Start by navigating to the Extensions tab in the bottom-left corner, and enable the "Multiple-instance Learning" extension.
![image](https://github.com/jamesdolezal/slideflow/assets/48372806/c94974ba-7ff6-4f30-85ed-490c1f3bd1ee)
A new icon will appear in the left-hand toolbar. Use this button to open the MIL widget. Models can be loaded by clicking the "Load MIL model" button, with "File -> Load MIL Model...", or by dragging-and-dropping an MIL model folder onto the window.
Information about the feature extractor and MIL model will be shown in the toolbar. MIL model architecture and hyperparameters can be viewed by clicking the "HP" button. Click "Predict Slide" to generate a whole-slide prediction. If applicable, attention will be displayed as a heatmap. The heatmap color and display can be customized in the Heatmap widget.

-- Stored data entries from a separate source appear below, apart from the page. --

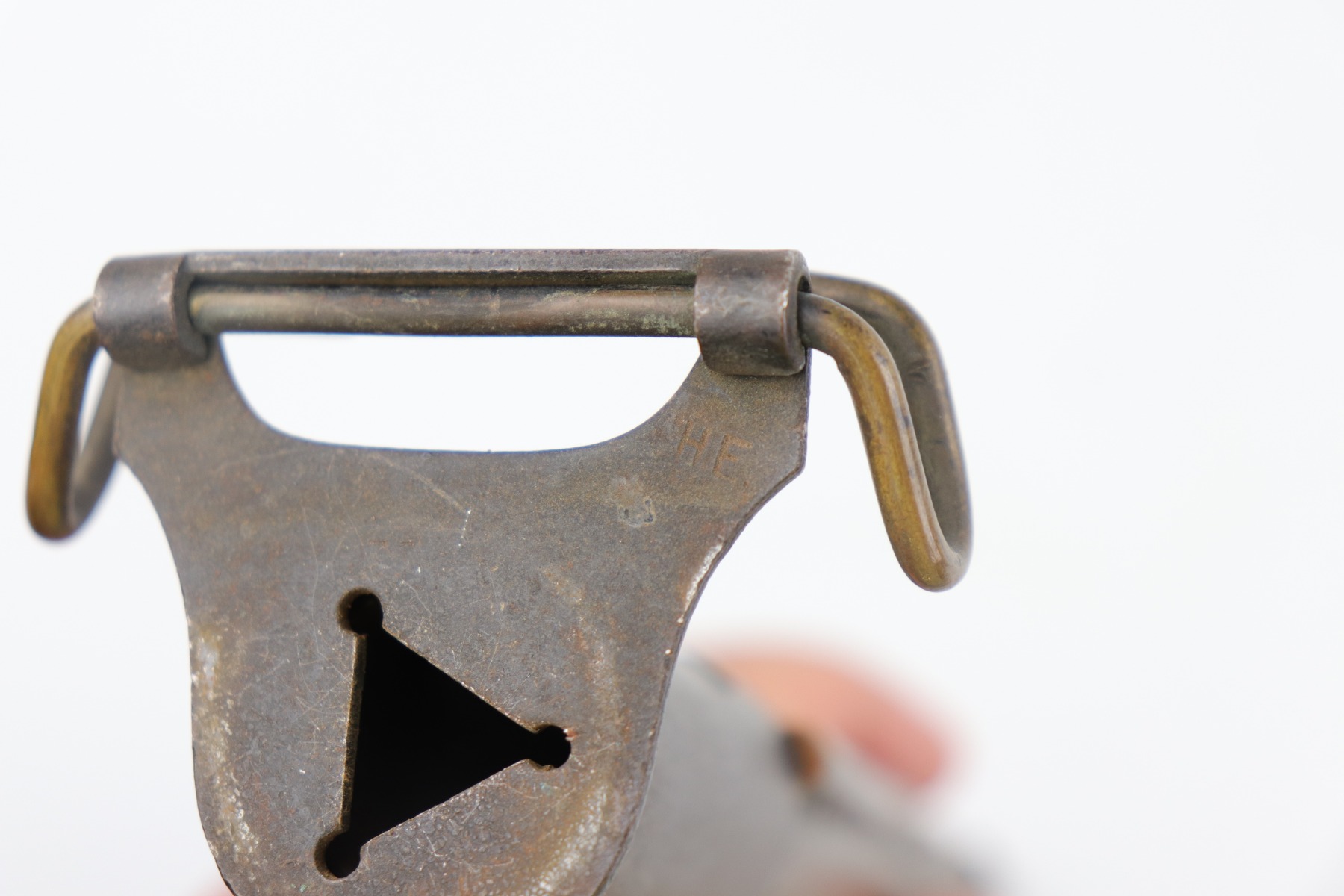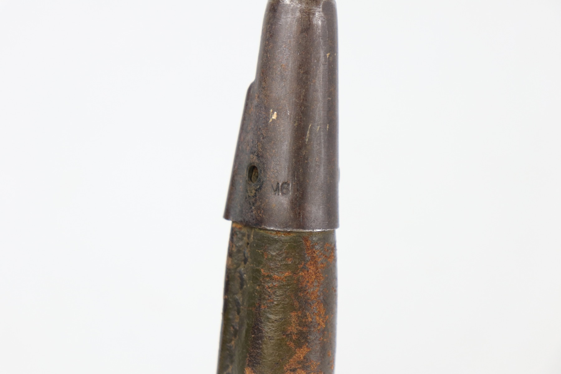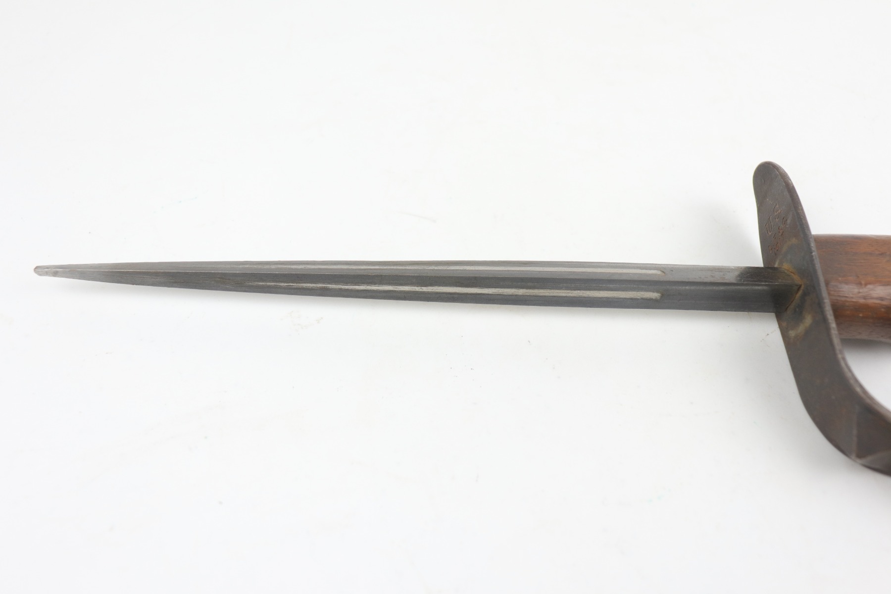 7/15/20 – This is an original WW1 Trench Fighting Knife in its original scabbard. The knife is dated 1917 and marked “US” and “LF&C”. Most of the original bluing on the blade is in tact but there are streaks of wear on each side of the blade. There is patina and light rust on the handle. The wood is in excellent condition. Unfortunately, the very tip of the blade is broken off. The scabbard is marked “M.S.” and “HE”. It is in good condition but there is patina on the metal parts throughout. There are scuff marks on the leather throughout. The tip is a little loose.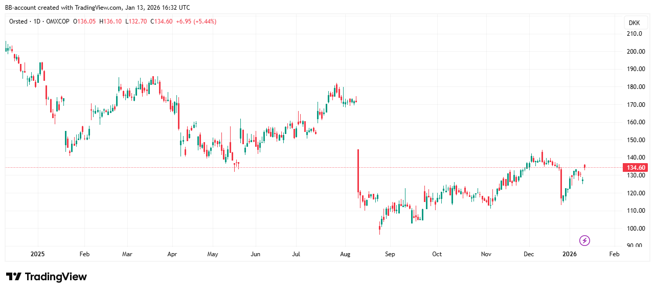 In de onderstaande grafiek zien we het koersverloop van Ørsted: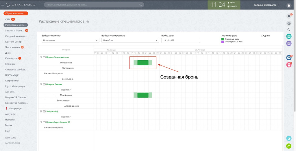 Для реализации проекта было выбрано решение Битрикс24 с модулем «Бронирование ресурсов». Система была адаптирована под специфические потребности медицинского учреждения.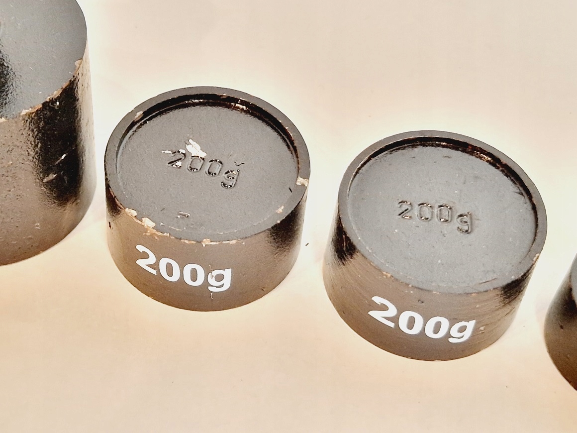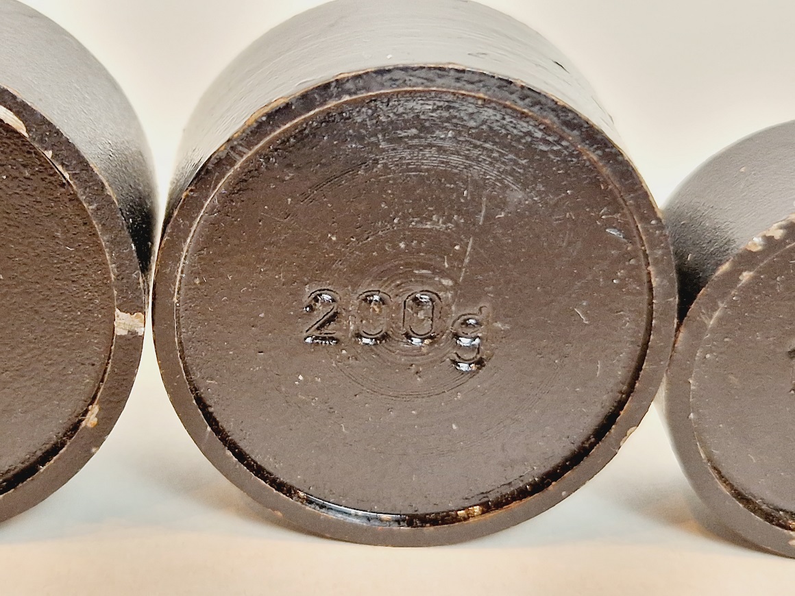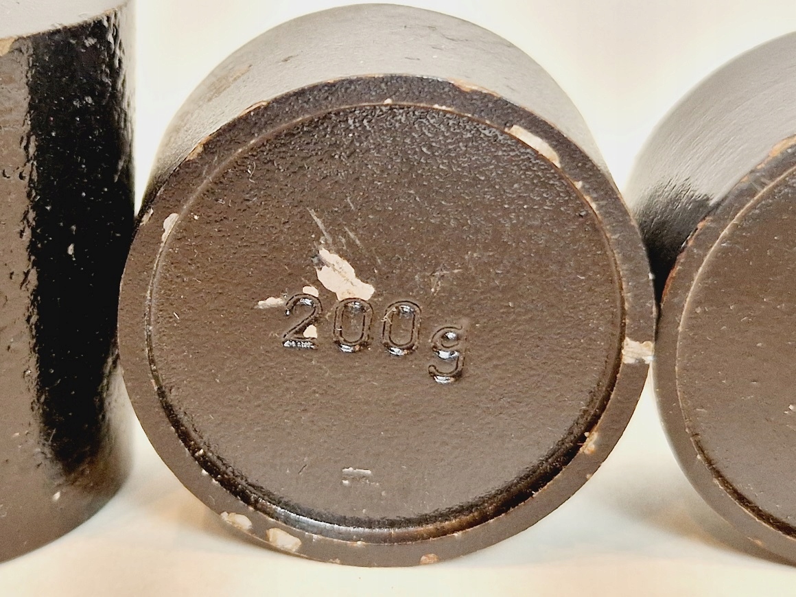 На верхней части гирь (500 г - спереди) имеется четкая маркировка номинала: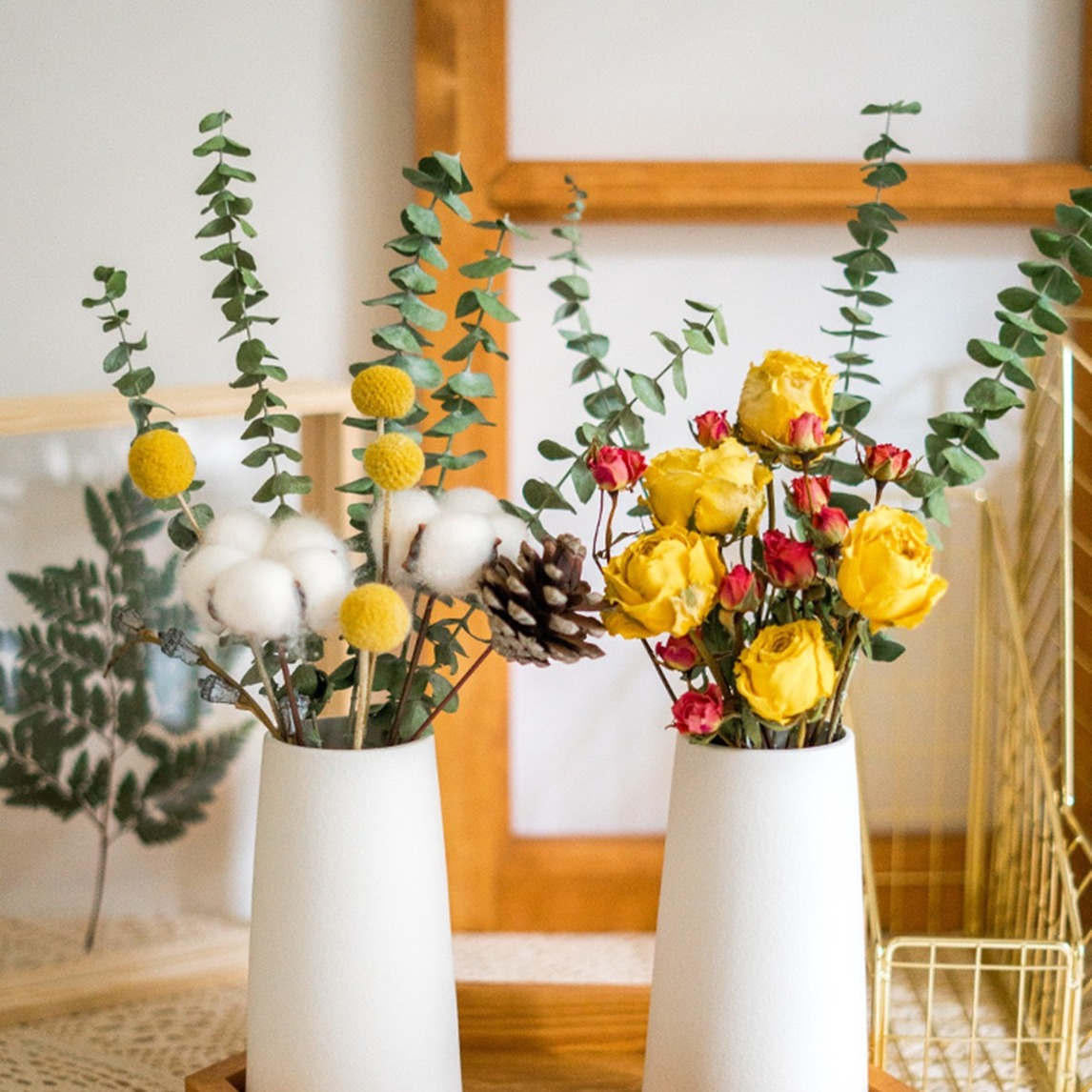 鲜花保存时间不长,干花装饰更显得有艺术感,是文艺小清新的最爱。尤加利枝配上小棉花,加上一点色彩小花就很好看了。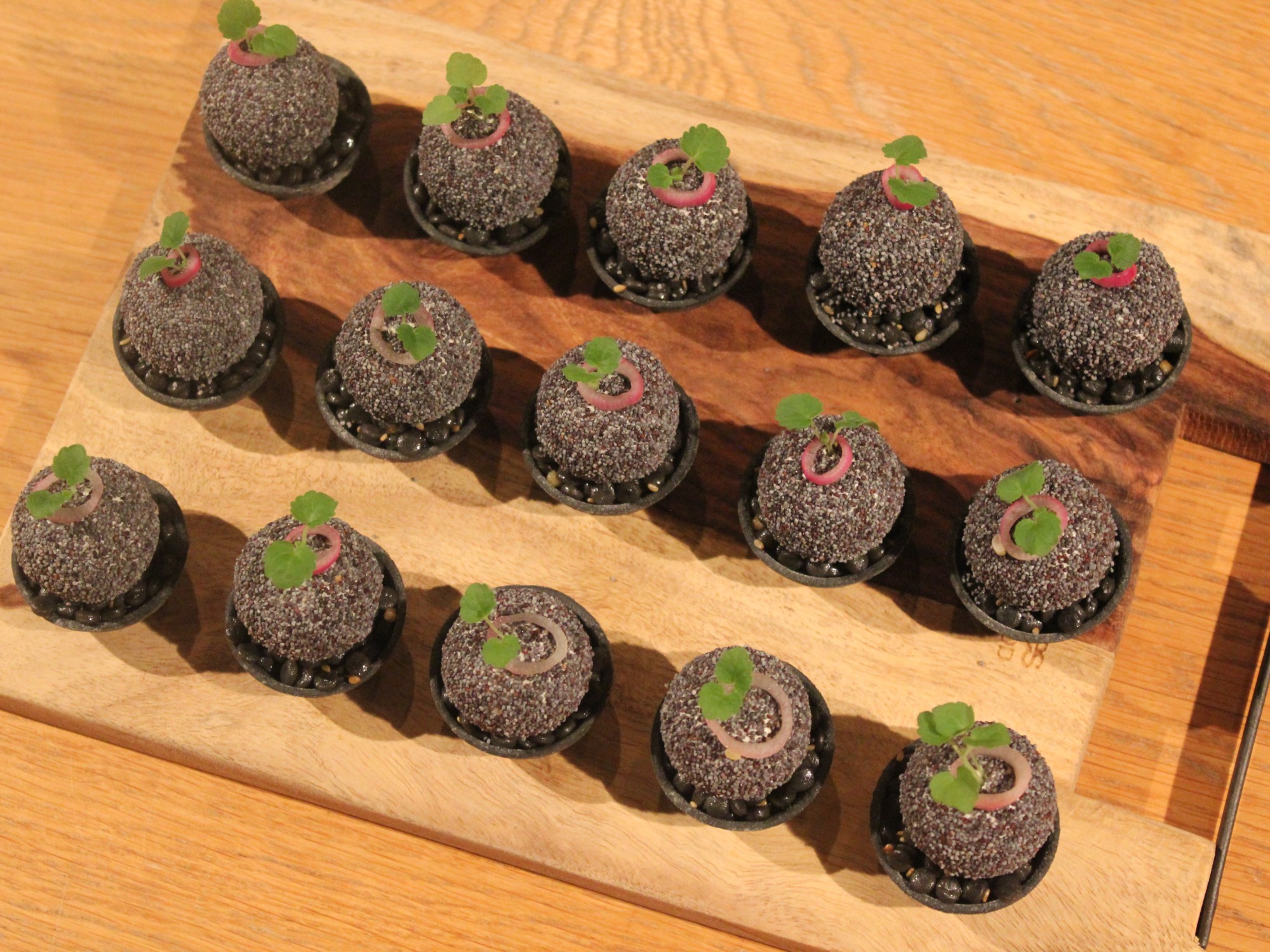 Kogel van mascarpone met ansjovis |blauw maanzaad | fregola nero | kameya rijstkruiden | crispy cup | sjalotten ringetje in sushiazijn.
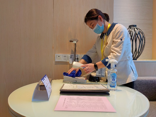 面对会议期间高频次的清扫量、大量的房内物资配备以及住店客人们的各样需求,客房服务员们都能做到忙而不乱,将最好的房态呈献给会议代表,让他们感受家一般的温馨。PA也加强对公共区域的卫生清洁,保证酒店整体清洁舒适。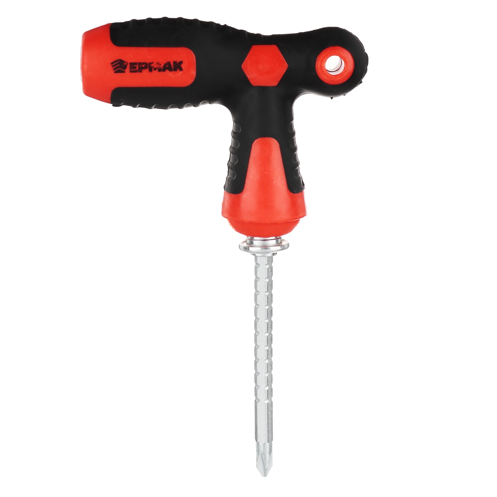 Отвертка телескопическая двусторонняя Т-образная ЕРМАК с двухкомпонентной рукоятью и фиксатором – это удобный функциональный инструмент для работы с крепежом и резьбовыми соединениями с плоским и крестообразным шлицем. Длину рабочей части можно регулировать, поэтому инструмент отлично подойдет для работ в тесных условиях. Эргономичная рукоять не натирает ладонь и не выскальзывает из рук. Отвертка из углеродистой стали обладает высоким запасом прочности, устойчива к деформации и коррозии.

![image](https://github.com/jamesdolezal/slideflow/assets/48372806/d5a838df-a654-4538-bd94-1aa6a63de32d)
MIL Training Enhancements
Several changes in the MIL training process have been made to improve the user experience and facilitate deployment of trained MIL models on new slides.
Rebuilding feature extractors used for MIL
One of the previous challenges with MIL models was the reliance on generated feature "bags", even for model evaluation. Slideflow now includes tools to generate predictions from MIL models without manually generating feature bags, greatly simplifying evaluation and single-slide testing.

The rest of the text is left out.